Peace through television

All dressed up and no place to go

Ihaven’t posted for — what, five months now? — because every time I have an idea it somehow ends up with the phrase “that fucking Trump.” The original idea could be about television or books or movies, or gardening or the importance of regular oil changes, and still those words keep forcing themselves forward in the first paragraph.

But I’m past it now. I figure it’s not up to me to forestall the end of Western civilization. My eight or so fans are already on board. If anybody else cares about it, let them step up. That fucking Trump.

Meantime, I finally got around to watching the last two episodes of the sixth season of “Game of Thrones.” That’s how cutting-edge I am. I was loving the season last year about this time, and then my trial HBO subscription ran out.

The hardest part was avoiding spoilers for 12 freaking months. Turns out I needn’t have bothered. Everything in the finale I saw coming a mile off. Ramsay Bolton was finally consumed by Rottweilers, and dopey Daenarys finally achieved total air superiority over greater Westeros. Cersei just keeps on Cersein’ — which is a good thing. Without her, there’d be no reason for a seventh season.

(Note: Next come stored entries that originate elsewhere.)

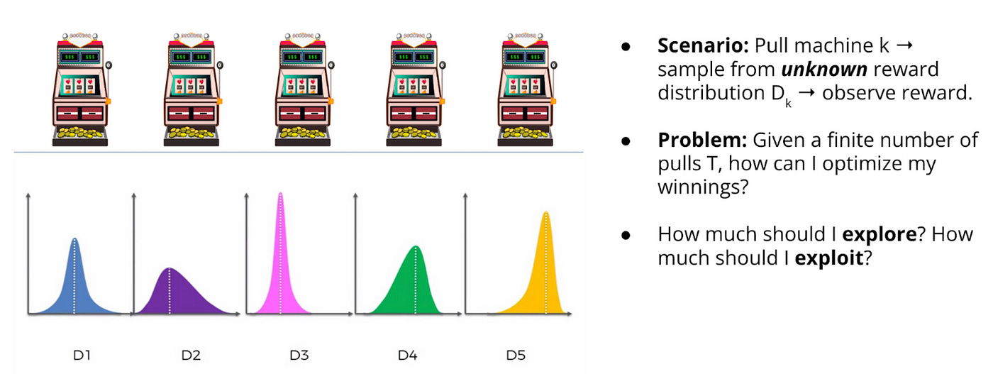 Imagine walking into a casino. There are three slot machines. You want to win the most money over time.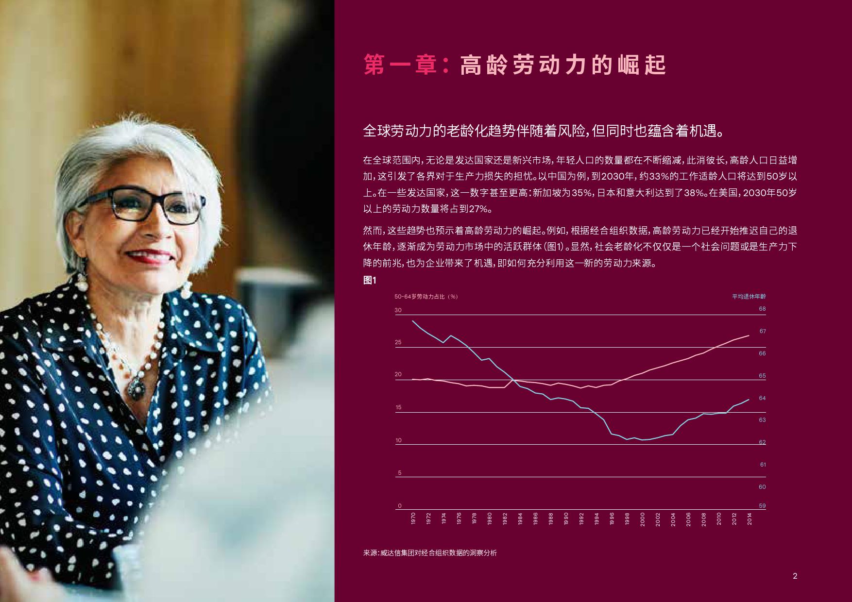 “以中国为例,到2030年,约33%的工作适龄人口将达到50岁以上。我们正在快速接近史上最重大的世代临界点。到2030年,以中国为例,约33%的工作适龄人口将达到50岁以上。在一些发达国家,这一数字甚至更高:新加坡为35%,日本和意大利达到了38%。在美国,2030年50岁以上的劳动力数量将占到27%。“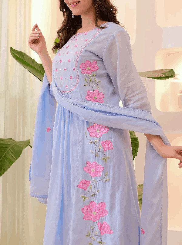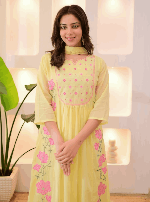 ✔️ Intricate hand-embroidered yoke for a stylish look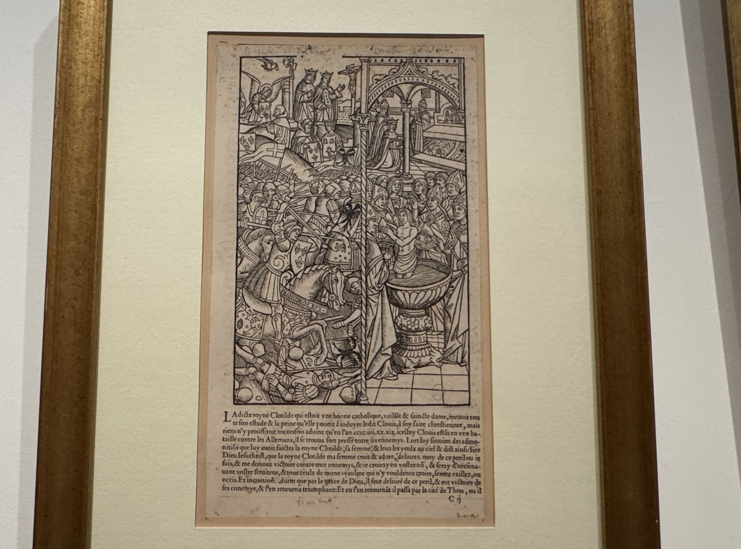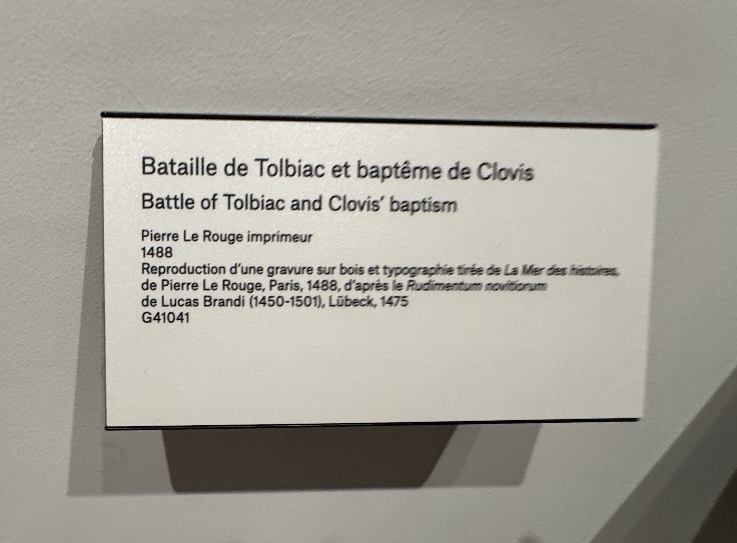 Битва при Толбиаке и крещение Хлодвига, Репродукция гравюры на дереве и типографии из «La Mer des histoires» Пьера Ле Ружа, Париж, 1488 год, по мотивам Rudimentum novitiorum, Лукас Бранди (1450–1501), Любек, 1475 г.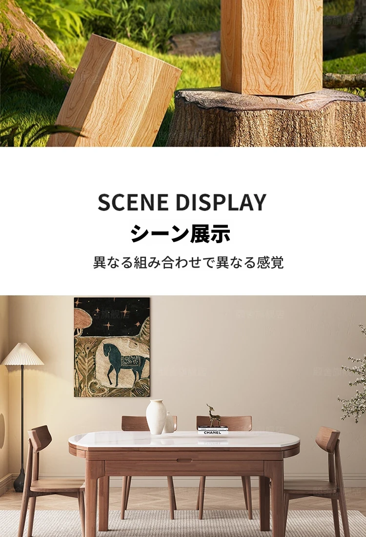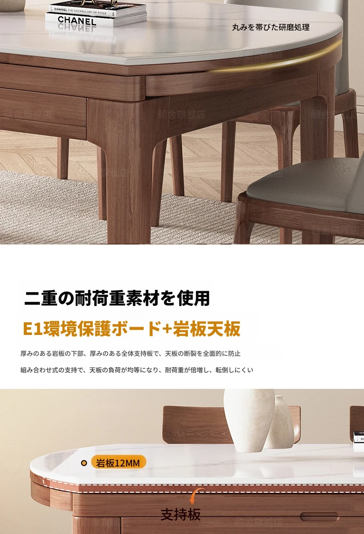 1.5メートルダイニングテーブル+8椅子【連続模様抗菌岩板/4本レール】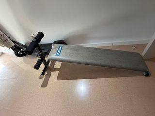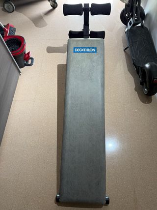 Banco para ejercicios abdominales de la marca Decathlon. Ideal para entrenar en casa. - Estructura metálica. - Acolchado para mayor comodidad. - Diseño plegable para fácil almacenamiento.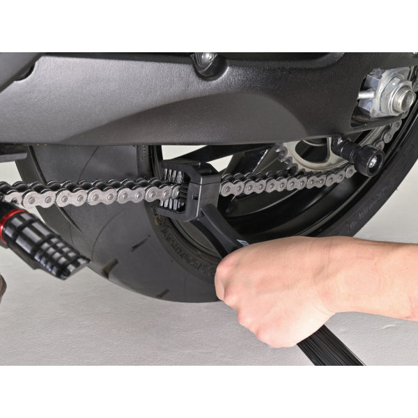●3面ブラシでチェーン汚れを落とす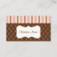 Cette carte de rendez-vous d'affaires a un auvent rayé rose qui ajoute un style rétro. Customisez ce carte de visite pour répondre à vos besoins. Ajoutez ou supprimez des informations, changez le style de police, la taille de police, etc...Le design est de l'art original. Utilisez ce carte de visite élégant pour un spa, salon, petite entreprise, décoration maison, fleuriste, glacier, pâtisserie, chocolat gourmet, salon d'ongles, auberge, station, cosmétologiste, préscolaire, coiffeur, garde d'enfants, garderie, boulangerie, etc...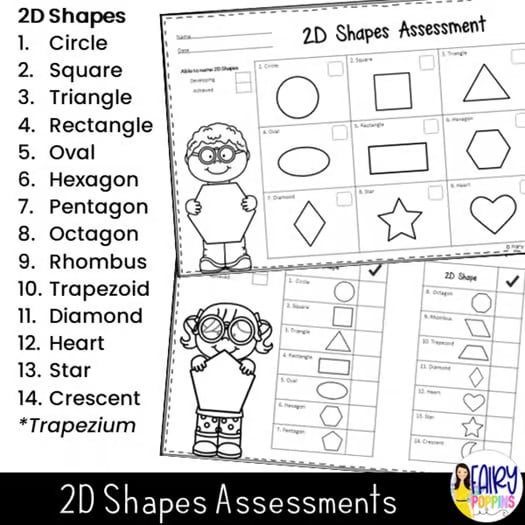✅ 3 × 2D Recording Sheets – Easily record each student’s ability to recognize and name 2D shapes.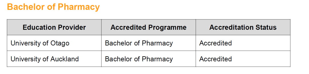 需要特别明确的,可以注册新西兰药剂师的学历仅限于以下两个本科学位。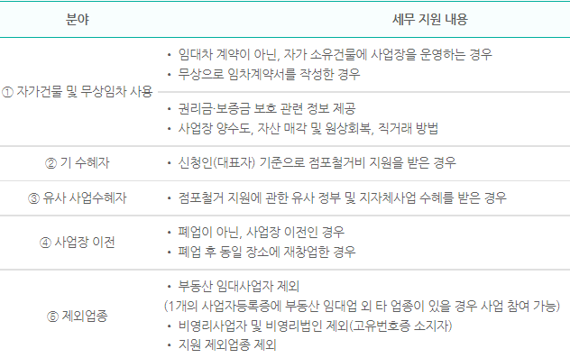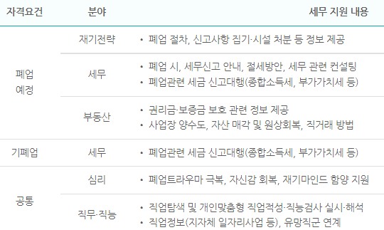 폐업 및 폐업예정인 소상공인이 지원 대상이며, 대상 조건은 아래와 같습니다.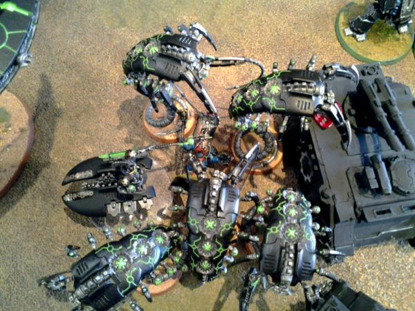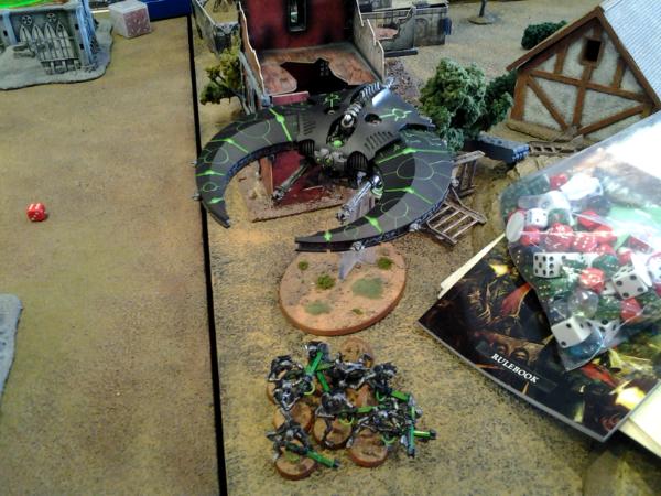 The N. scythe dropped off the warriors and flew over toward the dread. The immortals counter charged, and where able to finish the assault marine sergeant. Between some shooting and wraith close combat, the last dread was brought down. Thus at the end of T5 there were no remaining
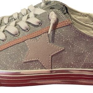 Vintage Havana Alive 19 silver checkered glitter no tie slip on sneakers with pink & white accents
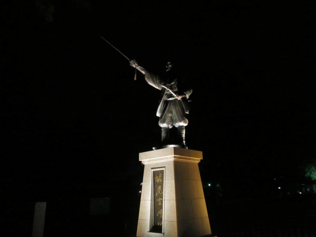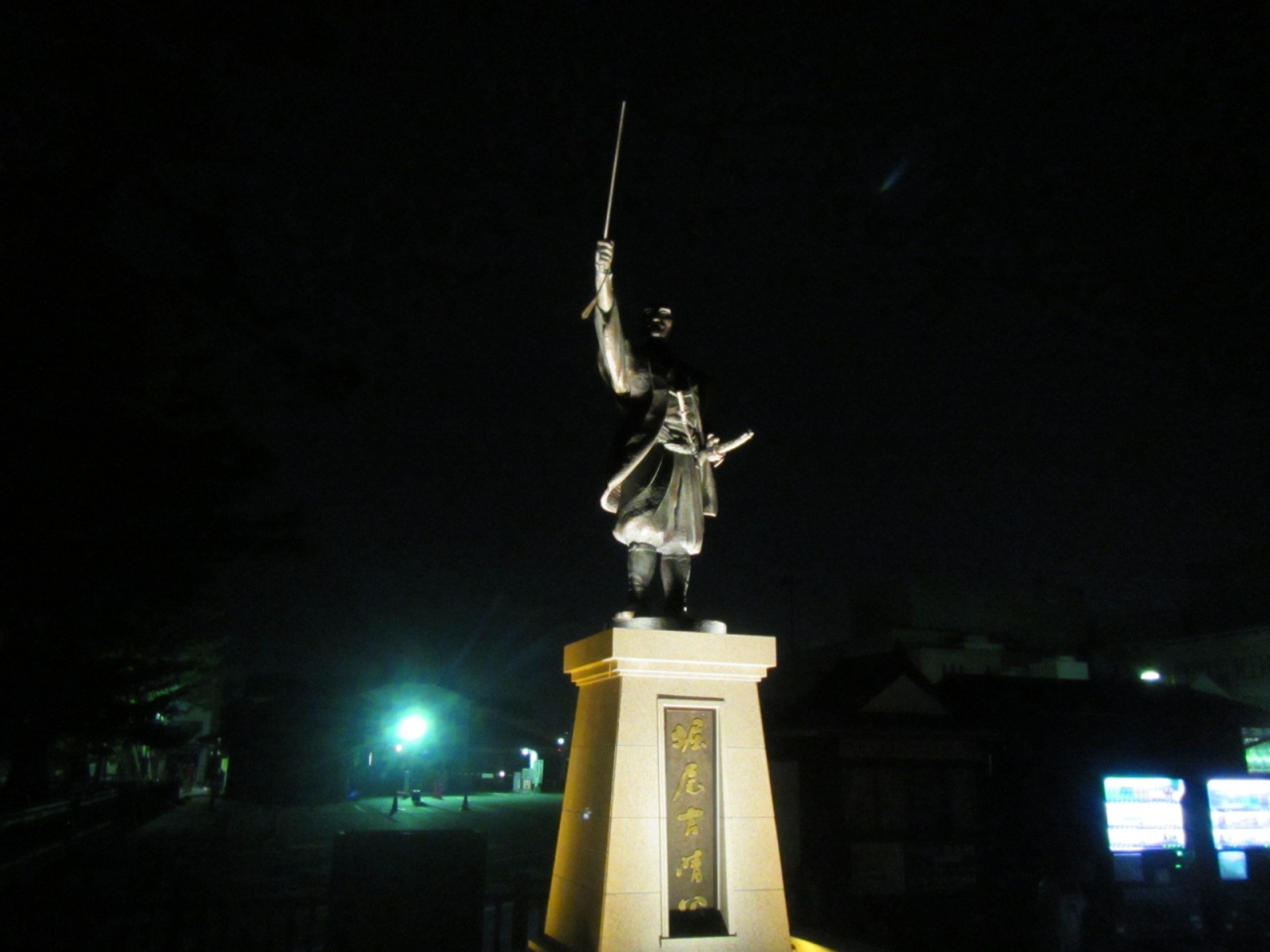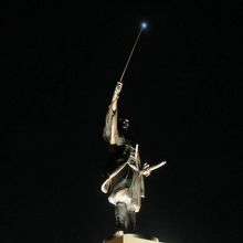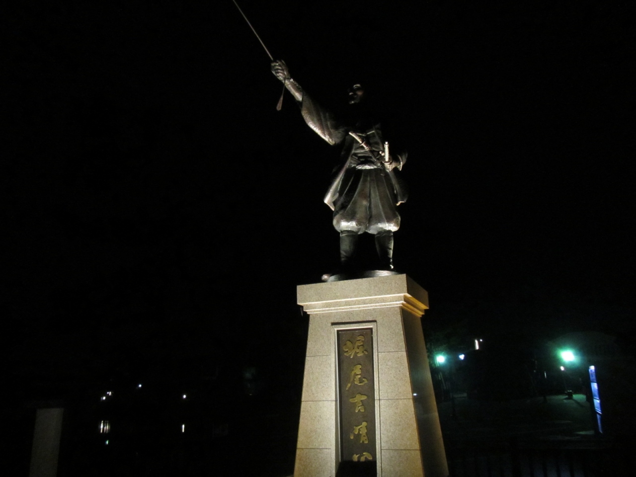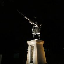 松江城築城の祖で、その姿は天守閣方面を指し示しています。

Right? Don’t talk to me about the White Walkers. They were missing in action as season six expired, and I have to say this much-ballyhooed invasion is not exactly a blitzkrieg. I mean, they’ve been lurching around the north country for several years now, and still don’t seem to have mastered the art of a simple forward advance.

Anyway, I’m now up to date on GoT, just in time for the last season’s debut on the 16th. I’ll be watching, even though it costs three bucks an episode on Amazon. Turns out I’m between shows now: “Better Call Saul” is done for the year, and so is “Fargo.” We’re watching “The Americans” and “A French Village” in the meantime. I like ’em OK, but … more about those later.